This identifies problematic orders using date calculations. It finds orders that are: (1) shipped more than 7 days late, (2) have high freight costs for international shipments, or (3) remain unshipped after 30 days. The datediff() function calculates differences between dates.

In [None]:
from pyspark.sql.functions import datediff, current_date

problematic_orders = orders.filter(
    (datediff(col("ShippedDate"), col("RequiredDate")) > 7) |
    ((col("Freight") > 100) & (col("ShipCountry") != "USA")) |
    (col("ShippedDate").isNull() & (datediff(current_date(), col("OrderDate")) > 30))
)


**String Pattern Matching with Conditional Transformations**

This uses regular expressions to categorize products based on name patterns. The `(?i)` flag makes the search case-insensitive, and the pipe `(|)` acts as OR within the regex. It then applies different pricing strategies based on the categorization and other business rules.

In [None]:


product_categories = products.withColumn("ProductCategory",
    when(col("ProductName").rlike("(?i).*(cheese|dairy).*"), "Dairy")
    .when(col("ProductName").rlike("(?i).*(wine|beer|ale).*"), "Alcoholic")
    .when(col("ProductName").rlike("(?i).*(sauce|syrup|spread).*"), "Condiments")
    .when(col("ProductName").rlike("(?i).*(tea|coffee).*"), "Beverages")
    .otherwise("Other")
)



**Complex Inventory Management Logic**

This implements complex business logic for inventory management. It creates alerts for different scenarios: out-of-stock active products, low stock below reorder levels, expensive overstocked items, and products that need reordering. The final filter removes "Normal" items to focus only on products requiring attention.

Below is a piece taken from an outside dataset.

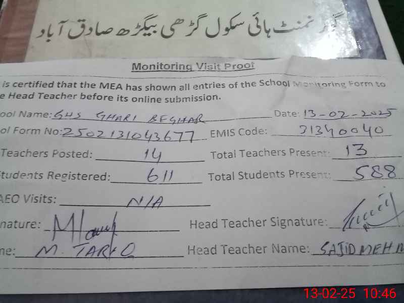 | EMIS Code: 31340040 | Name of School: GHS GHARI BHGER | |||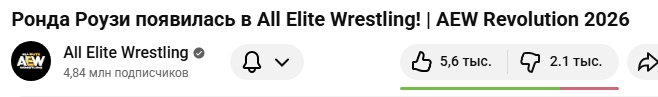 Видику с появлением Ронды накидали дизлайков. Лайки конечно не перебило, но для AEW аномально высокое количество дизов

The .rlike() method performs regex matching on column values. The pattern (?i).*(cheese|dairy).* means:

- `(?i)` - Case insensitive flag
- `.*` - Match any characters before
- `(cheese|dairy)` - Match either "cheese" or "dairy"
- `.*` - Match any characters after

In [26]:
inventory_alerts = products.withColumn("AlertType",
    when((col("UnitsInStock") == 0) & (col("Discontinued") == 0), "Out of Stock")
    .when((col("UnitsInStock") < col("ReorderLevel")) & (col("Discontinued") == 0), "Low Stock")
    .when((col("UnitsInStock") > 100) & (col("UnitPrice") > 20), "Overstock Expensive")
    .when((col("UnitsOnOrder") == 0) & (col("UnitsInStock") < 20) & (col("Discontinued") == 0), "No Reorder")
    .otherwise("Normal")
).filter(col("AlertType") != "Normal")
inventory_alerts.printSchema()

root
 |-- ProductID: integer (nullable = true)
 |-- ProductName: string (nullable = true)
 |-- SupplierID: integer (nullable = true)
 |-- CategoryID: integer (nullable = true)
 |-- QuantityPerUnit: string (nullable = true)
 |-- UnitPrice: float (nullable = true)
 |-- UnitsInStock: integer (nullable = true)
 |-- UnitsOnOrder: integer (nullable = true)
 |-- ReorderLevel: integer (nullable = true)
 |-- Discontinued: integer (nullable = true)
 |-- AlertType: string (nullable = false)



In [27]:
inventory_alerts.show(3)

+---------+--------------------+----------+----------+-------------------+---------+------------+------------+------------+------------+-------------------+
|ProductID|         ProductName|SupplierID|CategoryID|    QuantityPerUnit|UnitPrice|UnitsInStock|UnitsOnOrder|ReorderLevel|Discontinued|          AlertType|
+---------+--------------------+----------+----------+-------------------+---------+------------+------------+------------+------------+-------------------+
|        3|       Aniseed Syrup|         1|         2|12 - 550 ml bottles|     10.0|          13|          70|          25|           0|          Low Stock|
|        6|Grandma's Boysenb...|         3|         2|     12 - 8 oz jars|     25.0|         120|           0|          25|           0|Overstock Expensive|
|        7|Uncle Bob's Organ...|         3|         7|    12 - 1 lb pkgs.|     30.0|          15|           0|          10|           0|         No Reorder|
+---------+--------------------+----------+----------+----

In [28]:
inventory_alerts.count()

28

In [29]:
inventory_alerts.cache()
inventory_alerts.count()

28

In [30]:
inventory_alerts.count()

28

### Joins


**Inner Join - Basic Relationship**

This performs a standard inner join between orders and customers tables on the CustomerID column. Only orders that have matching customers are returned. This is the most common join type and provides the best performance since it filters out non-matching records.

In [None]:
orders_customers = orders.join(customers, "CustomerID", "inner")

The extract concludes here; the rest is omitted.